* What you will do: Retype the listing exactly, minus its pictures.

* Data:
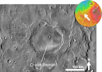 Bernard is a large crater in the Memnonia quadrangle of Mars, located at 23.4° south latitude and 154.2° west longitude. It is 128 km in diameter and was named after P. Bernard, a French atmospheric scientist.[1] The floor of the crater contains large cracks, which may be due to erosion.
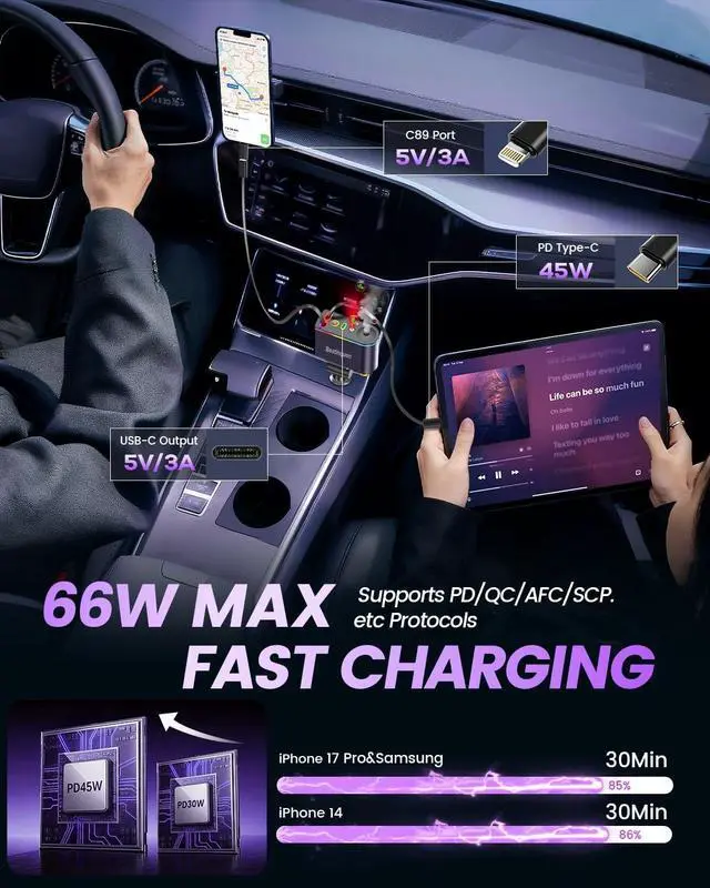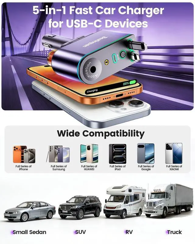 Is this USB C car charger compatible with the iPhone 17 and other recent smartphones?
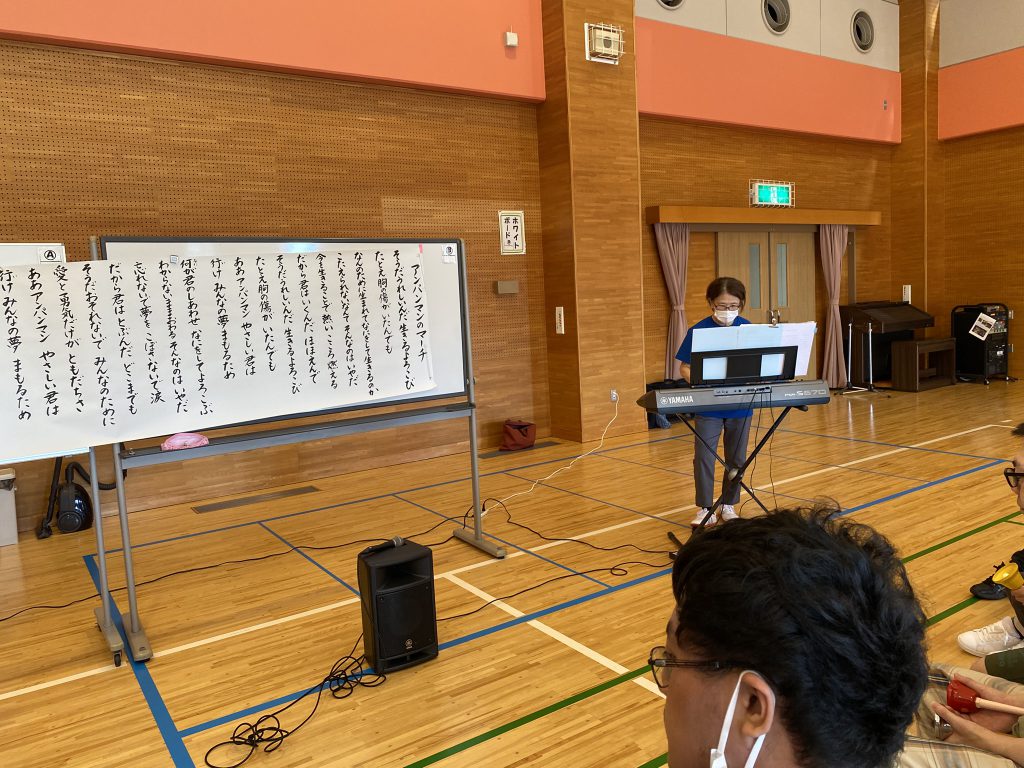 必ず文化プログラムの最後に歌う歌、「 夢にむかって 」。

* Task answer:
 Bernard is a large crater in the Memnonia quadrangle of Mars, located at 23.4° south latitude and 154.2° west longitude. It is 128 km in diameter and was named after P. Bernard, a French atmospheric scientist.[1] The floor of the crater contains large cracks, which may be due to erosion.
 Is this USB C car charger compatible with the iPhone 17 and other recent smartphones?
 必ず文化プログラムの最後に歌う歌、「 夢にむかって 」。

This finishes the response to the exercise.